- Location of Park City, Montana
- Coordinates: 45°37′38″N 108°55′43″W﻿ / ﻿45.62722°N 108.92861°W
- Country: United States
- State: Montana
- County: Stillwater

Area
- • Total: 1.58 sq mi (4.08 km^{2})
- • Land: 1.58 sq mi (4.08 km^{2})
- • Water: 0 sq mi (0.00 km^{2})
- Elevation: 3,412 ft (1,040 m)

Population (2020)
- • Total: 1,023
- • Density: 649.9/sq mi (250.93/km^{2})
- Time zone: UTC-7 (Mountain (MST))
- • Summer (DST): UTC-6 (MDT)
- ZIP code: 59063
- Area code: 406
- FIPS code: 30-56575
- GNIS feature ID: 2409026

= Park City, Montana =

Park City is a census-designated place (CDP) in Stillwater County, Montana, United States. The population was 1,023 at the 2020 census.
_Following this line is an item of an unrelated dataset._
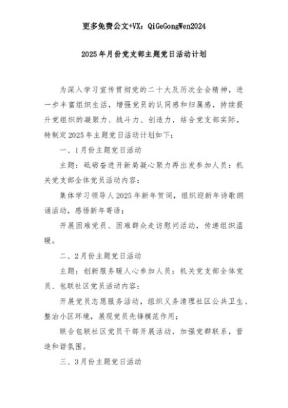 【七哥公文】2025年:2025年月份党支部主题党日活动计划+更多免费公文+VX:QiGeGongWen2024+更多免费公文+VX:QiGeGongWen2024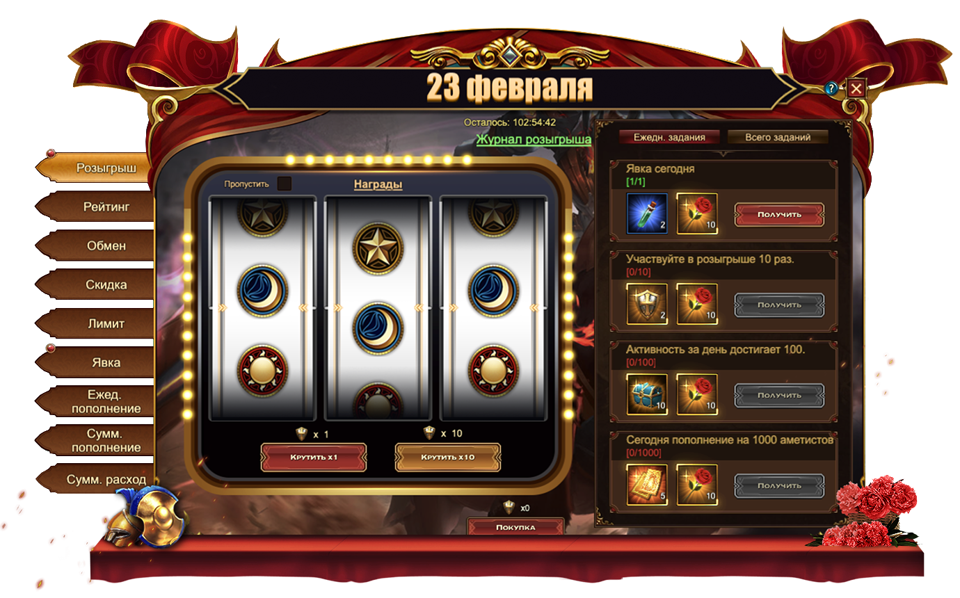 Участвуйте в розыгрыше различных ценных предметов, чтобы получить: Рутил, Чароит, Мрачные одежды, Сундук кристаллов 5 ур., Кристалл чар демона, Кольцо господства, Свиток славы, Кристалл души крыльев, Сундук самоцветов 8 ур., Щит Нидхегга, Фрагмент голубого пера и даже Крылья купидона!

Located 20 miles from the state's largest city, Billings, Park City has a small town atmosphere. It is not incorporated, therefore does not have a mayor or any other "city" legislative positions. The town serves as a bedroom community for the neighboring cities of Laurel and Billings. Most inhabitants are employed in either of those two towns. It is mainly a farming community, growing mostly sugar beets and corn.

The town has a library, school, fire department, two gas stations/convenience stores, three churches of different denominations as well as two bars. Most of the historical buildings are made of sandstone, due to the large sandstone cliffs to the north of the town.

A post office was opened under the name Young’s Point in 1878. In 1882 a group of settler's arrived and named the area Park City.

==Geography==
According to the United States Census Bureau, the CDP has a total area of 1.0 sqmi, all land.

The Yellowstone River is south of town.

===Climate===
According to the Köppen Climate Classification system, Park City has a semi-arid climate, abbreviated "BSk" on climate maps.

==Demographics==

As of the census of 2000, there were 870 people, 330 households, and 256 families residing in the CDP. The population density was 838.9 PD/sqmi. There were 343 housing units at an average density of 330.7 /sqmi. The racial makeup of the CDP was 96.78% White, 0.23% African American, 0.57% Native American, 0.11% Asian, 1.03% from other races, and 1.26% from two or more races. Hispanic or Latino of any race were 1.15% of the population.

There were 330 households, out of which 38.2% had children under the age of 18 living with them, 67.3% were married couples living together, 7.0% had a female householder with no husband present, and 22.4% were non-families. 20.3% of all households were made up of individuals, and 9.7% had someone living alone who was 65 years of age or older. The average household size was 2.64 and the average family size was 3.05.

In the CDP, the population was spread out, with 27.4% under the age of 18, 7.5% from 18 to 24, 27.1% from 25 to 44, 27.5% from 45 to 64, and 10.6% who were 65 years of age or older. The median age was 37 years. For every 100 females, there were 95.1 males. For every 100 females age 18 and over, there were 93.9 males.

The median income for a household in the CDP was $37,266, and the median income for a family was $42,917. Males had a median income of $31,806 versus $16,490 for females. The per capita income for the CDP was $16,912. About 5.1% of families and 8.7% of the population were below the poverty line, including 15.3% of those under age 18 and 7.5% of those age 65 or over.

Historical population
| Census | Pop. | Note | %± |
| 2020 | 1,023 |  | — |
U.S. Decennial Census

==Education==
The largest building in the city is Park City Schools. It educates students from kindergarten through 12th grade. In the 2023-2024 school year, the school had 218 students from kindergarten to 8th grade and the high school had 96 students.

Park City High School's team name is the Panthers with colors of red and black.

==Media==
Two radio stations are licensed in Park City. KBIL primarily broadcasts contemporary worship music. KBXI airs a variety hits music format.

==Infrastructure==
Interstate 90 passes on the north of town from east to west.

The nearest airport is Billings Logan International Airport. Healthcare is available in Billings, Columbus, or Laurel.